Bradley Wiggins a donc remporté ce 99e Tour de France. Une nouvelle grande première, un an après le sacre historique d’un Australien, puisque jamais un coureur britannique n’avait triomphé à Paris. Wiggins a écrasé la saison des courses par étapes. Gagner Paris-Nice, le  Romandie, le Dauphiné et le Tour dans une même saison, c’est ahurissant. Parcours sur le patient anglais.

L’ancien fêtard « alcoolique » a bien changé pour réaliser son rêve d’enfant  : remporter le Tour, à 32 ans.

L’ancien fêtard « alcoolique » a bien changé pour réaliser son rêve d’enfant  : remporter le Tour, à 32 ans.

L’homme qui a posé en jaune dimanche à Paris avec l’Arc de Triomphe en arrière-plan, était prédestiné. Quand on naît à Gand, célèbre dans le cyclisme pour son vélodrome et ses Six Jours, dont son père Garry était un spécialiste, le chemin était en quelque sorte balisé. La trajectoire de Bradley Wiggins pour devenir le premier Britannique à remporter le Tour de France ne fut cependant pas la ligne droite qu’il se plaît à avaler avec ses mollets de rouleur. S’il a connu un très court passage en Belgique au début de sa vie, «Wiggo» est un sujet de sa Majesté.

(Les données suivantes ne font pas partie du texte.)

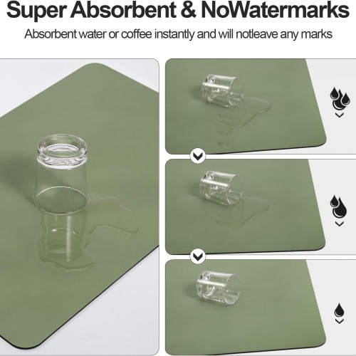 Dish Drying Mat for Kitchen Counter | Coffee Bar Mat for Countertops | Heat Resistant Drainer Mat with Non-slip Rubber Backed | Hide Stain Kitchen Absorbent Draining Mat | Green 16″x18″

«Il avait un esprit fêtard assez développé», livre Gérard Guillaume, sans trahir de secret. Le médecin de l’équipe FDJ-Big Mat se rappelle par exemple une partie de football en salle, lors d’un stage à Auxerre, «où il n’y avait pas que le ballon qui était rond».

«Avant j’étais alcoolique», a révélé durant ce Tour, hilare, le Maillot jaune, «adepte de l’humour british, à la fois discret et déconneur», comme l’a connu David Moncoutié chez Cofidis. «Il était difficile à localiser. Il partait toujours par monts et par vaux. Lorsqu’on le convoquait pour une course, on se demandait s’il serait bien au départ», raconte Gérard Guillaume, qui évoque «un garçon charmant» avec lequel il «échange toujours un mot quand on se croise».

Puis, Wiggins a «changé de vie», «mûri», après avoir fait le tour de la piste qui lui conféra ses premières heures de gloire. Double champion olympique de poursuite individuelle (2004, 2008), ce qui lui vaut d’être commandeur de l’ordre de l’Empire britannique, il s’est mis en tête de gagner le Tour de France, «un rêve d’enfant», via une importante transformation physique (amaigrissement de onze kilos). Sa 23e place en 2010, un an après avoir terminé au pied du podium, fut une humiliation. Un déclic aussi. «Ce qui m’a frappé chez lui, ce sont les échecs qu’il a incroyablement mal vécus. Sa fracture de la clavicule l’année dernière a également décuplé sa motivation, c’est absolument sûr et certain», observe Christian Prudhomme. David Millar appuie : «Il a un mental phénoménal. Lorsqu’il a un objectif, il met tout le professionnalisme nécessaire pour l’atteindre.»

Féru d’histoire, Wiggins a un rapport au cyclisme qui va au-delà du simple fait de lui «faire gagner de l’argent».

L’importance qu’il attache à ce sport égale au moins sa collection de guitares et scooters. Lorsqu’il s’est emparé des commandes pour la première fois à La Planche des Belles Filles, il a cité spontanément Tom Simpson, premier Britannique porteur du maillot jaune en 1962 et disparu cinq années plus tard sur les pentes du Ventoux, victime du dopage.

Le dopage, il en a été question à quasiment chacune des conférences de presse d’un homme qui atteint la forme de sa vie à 32 ans. « Je ne suis qu’un gamin de Londres doué pour le vélo et qui a fait de sa passion son métier, s’excusait au départ Wiggins, avant de se fâcher jeudi. J’ai du mal à avaler de devoir tout le temps me justifier. Ce que j’ai démontré pendant trois semaines sur ce Tour de France, depuis le début de saison à l’Algarve, Paris-Nice, en Romandie, au Dauphiné, ce n’est rien ? Plutôt que de me poser toujours des questions négatives, on devrait plutôt me dire : “bon boulot Brad, félicitations pour ta victoire” ». C’est désormais chose faite depuis ce dimanche 22 juillet 2012.